Le virage conservateur qui a tout changé

Bezos n’a pas seulement licencié. Il a transformé le Post. Il a imposé un virage éditorial vers la droite, retirant son soutien à Kamala Harris pendant la présidentielle de 2024, limitant les voix progressistes, censurant les opinions libérales. Résultat ? Les abonnés sont partis. Les lecteurs se sont détournés. Le Post a perdu son âme.
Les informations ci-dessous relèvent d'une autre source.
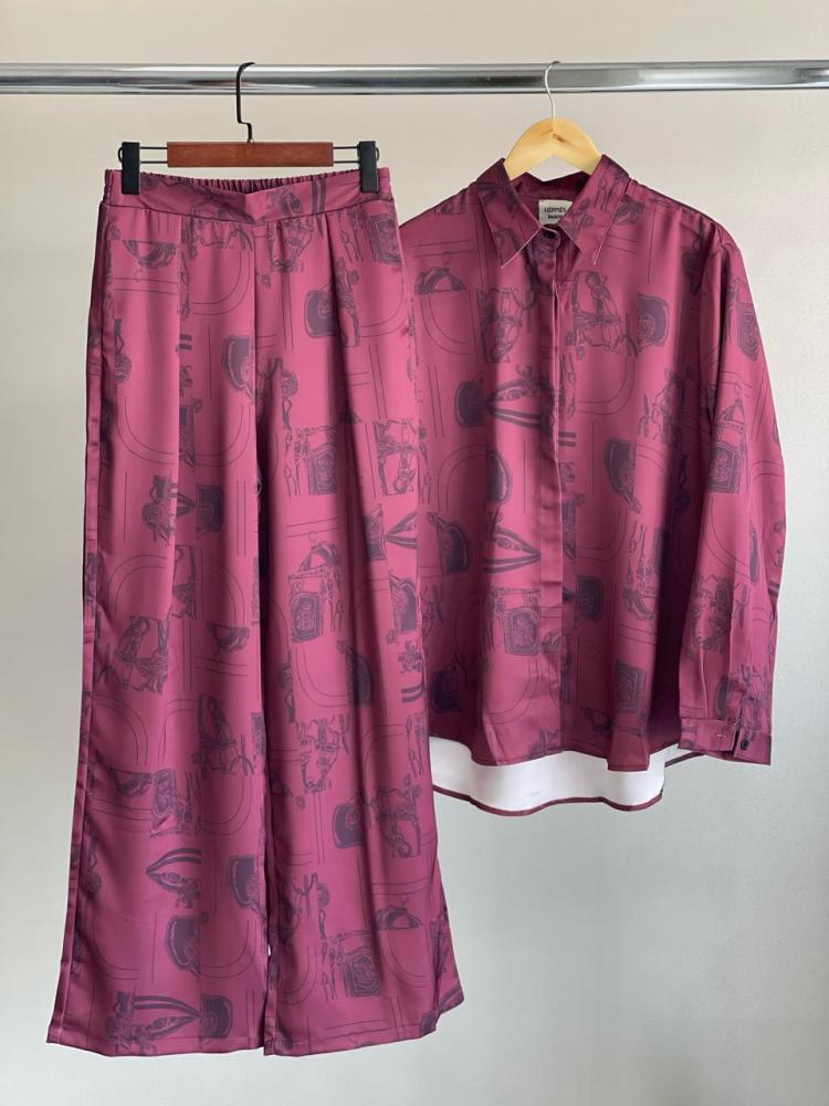 تراكسوت هيرميز نسائي عريض بلون عنابي يجمع بين الراحة والستايل الراقي بتصميم مكوّن من بنطال وقميص بقصة واسعة ولمسة فاخرة تليق بالإطلالة اليومية أو الكاجوال الراقية.
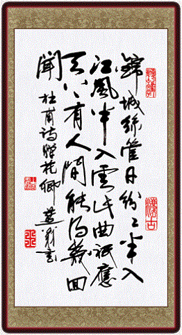 说是语含讽刺,耐人寻味的是,作者并没有对花卿明言指摘,而是采取了一语双关的巧妙手法。字面上看,这俨然是一首十分出色的乐曲赞美诗。“锦城丝管日纷纷”,锦城,即成都;丝管,指弦乐器和管乐器;纷纷,本意是既多而乱的样子,通常是用来形容那些看得见、摸得着的具体事物的,这里却用来比状看不见、摸不着的抽象的乐曲,这就从人的听觉和视觉的通感上,化无形为有形,极其准确、形象地描绘出弦管那种轻悠、柔靡,杂错而又和谐的音乐效果。“半入江风半入云”也是采用同样的写法:那悠扬动听的乐曲,从花卿家的宴席上飞出,随风荡漾在锦江上,冉冉飘入蓝天白云间。这两句诗,使读者真切地感受到了乐曲的那种“行云流水”般的美妙。两个“半”字空灵活脱,给全诗增添了不少的情趣。
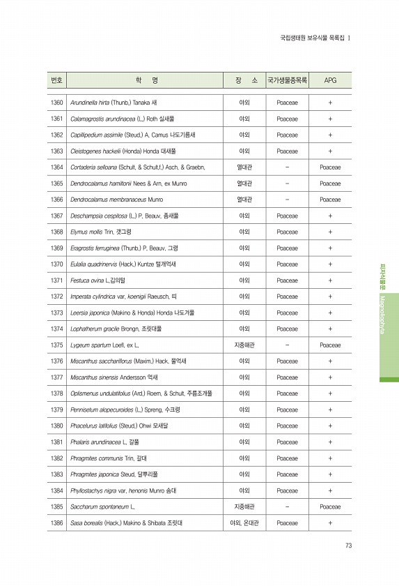 73 번호 학 명 장 소 국가생물종목록 APG 피자식물문 Magnoliophyta 국립생태원 보유식물 목록집 Ⅰ 1360 Arundinella hirta Thunb. Tanaka 새 야외 Poaceae + 1361 Calamagrostis arundinacea L. Roth 실새풀 야외 Poaceae + 1362 Capillipedium assimile Steud. A. Camus 나도기름새 야외 Poaceae + 1363 Cleistogenes hackelii Honda Honda 대새풀 야외 Poaceae + 1364 Cortaderia selloana Schult. & Schult.f. Asch. & Graebn. 열대관 Poaceae 1365 Dendrocalamus hamiltonii Nees & ...

Et aujourd’hui, il paie le prix. Les licenciements ne sont pas une surprise. Ils sont la conséquence logique d’une stratégie désastreuse, d’un mépris pour les valeurs qui ont fait la réputation du Post. Bezos a voulu faire du Washington Post un Fox News bis. Il a échoué. Et ce sont les journalistes qui paient.

Ce contenu a été créé avec l'aide de l'IA.